China has cautioned its peers against any hasty implementation of safeguard mechanisms to restrict its booming textile exports, warning such measures would run counter to free trade principles. Following the end of quotas regulating the global apparel trade, Chinese textile exports to the United States in January jumped 65 percent, highlighting concerns China would benefit most from the end of the quota system.
Similarly, to Germany, the European Union's biggest buyer of Chinese textiles, exports rose 46 percent, part of a total gain of 28 percent in the month as China built on increases of over 35 percent in both 2003 and 2004.
The spike in exports has already resulted in calls from Brussels and Washington for "safeguard" mechanisms, which under World Trade Organisation (WTO) rules would allow for new limits on specific Chinese goods.
"The reason that they removed the quotas on January 1 was so that trade can be freer so to go back and put more restrictions on trade is going against the free trade that everyone wants," Sun Huaibin, spokesman for the China National Textile Council, told AFP.
"You have to look at the overall trends; you can't implement new quotas just months after lifting them."

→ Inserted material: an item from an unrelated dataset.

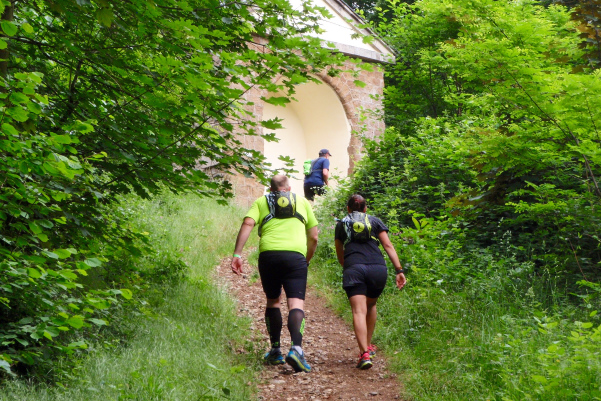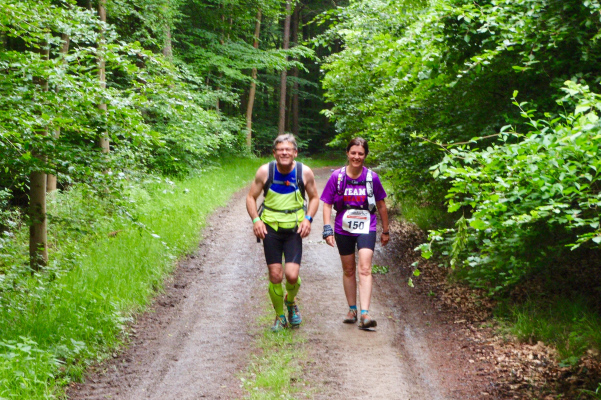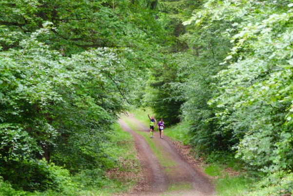 Im Schmelztal wird die nächste Straße überquert, kurz ein Regenrückhaltebecken umlaufen, ehe im Wald für den Läufer vor und die beiden Läufer hinter mir ein kleiner Schock folgt: Denn zehn Meter weiter geht es sehr steil hinauf, so dass sogar Tritte in den Hang gegraben sind; auch ein Stein mit Wegmarkierungen ist hier schon abgestürzt. Doch schnell ist der Weg erreicht, dem wir nun das Schmelztal hinein folgen. Zweimal gibt es kurze, steile Anstiege: Die Läufer hinter mir sind etwas erschüttert, während ich wegen meines Testlaufs den Weg hier sehr gut kenne und weiß, dass am Ende des langen dritten Aufstiegs die vorletzte Verpflegungsstation mitten im Wald wartet (km 28,3). Noch ist der höchste Punkt am Himmerich nicht erreicht; ein breiter, aber schöner Waldweg zieht erst länger bergab, dann wieder bergauf. „Hier wird jeder kleine Hügel zum Berg“, meint eine Läuferin und fällt wieder in den Gehschritt. Ich genieße den hübschen Weg hier eher und sinniere: Steht „Himmerich“ für den Himbeerenberg oder für den Hirschkuhberg?

China's products are competitive on the world market as they offer good value to consumers, Sun said, so based on this principle they should continue to enjoy access to global markets under WTO rules.
China, which is concerned about creating jobs for its 1.3 billion people, has also taken measures - such as a recently implemented export tax and new regulations on issuing export permits - in an effort to ensure that no destabilising surges in Chinese exports hit global markets, he said.
In his address to parliament on March 5, Premier Wen Jiabao set China's total export growth target for 2005 at 15 percent, apparently reflecting concerns from the US and EU over the expected increase in textile exports.
The January 1 lifting of import quotas with the ending of the 1974 Multi-Fiber Arrangement (MFA) had been expected to produce a sharp increase in textile exports from powerhouses China and India at the expense of smaller producers in developing countries such as Bangladesh, Cambodia and Vietnam. Both the EU and the US have also voiced concerns over job losses in their own textile industries.
US textile and apparel makers called Friday for action by Washington to stem Chinese imports, saying American industries were being devastated by the lifting of quotas.
"China is more and more becoming a market economy; now the EU and the US want to turn this around and go back to government intervention," Dean Spinanger, senior fellow at Germany's Kiel Institute for World Economics, told AFP.
"The WTO is for freer trade, certainly in principle. For the EU and the United States to immediately step on the brakes to stop the flow of Chinese exports is abominable," he said.
Besides imposing new import quotas on Chinese textiles, the EU and the US would also likely slap "anti-dumping measures" or import restrictions on Chinese products that are deemed to be "dumped" in other trading partner markets at prices below cost, he said.
However, any safeguard mechanisms will not be totally successful in protecting jobs in Europe and the United States as production could move to other South-eastern Asian countries if new limits are put in place, he added.
"This problem is not a new problem but a part of an overall market process," said Lu Tong, a researcher at the International Economy and Organisation Research Institute of the China Academy of Social Sciences.
"The Chinese government is watching this closely but Chinese textiles are very competitive on the global market, so the government is not going to take any measures interfering with this."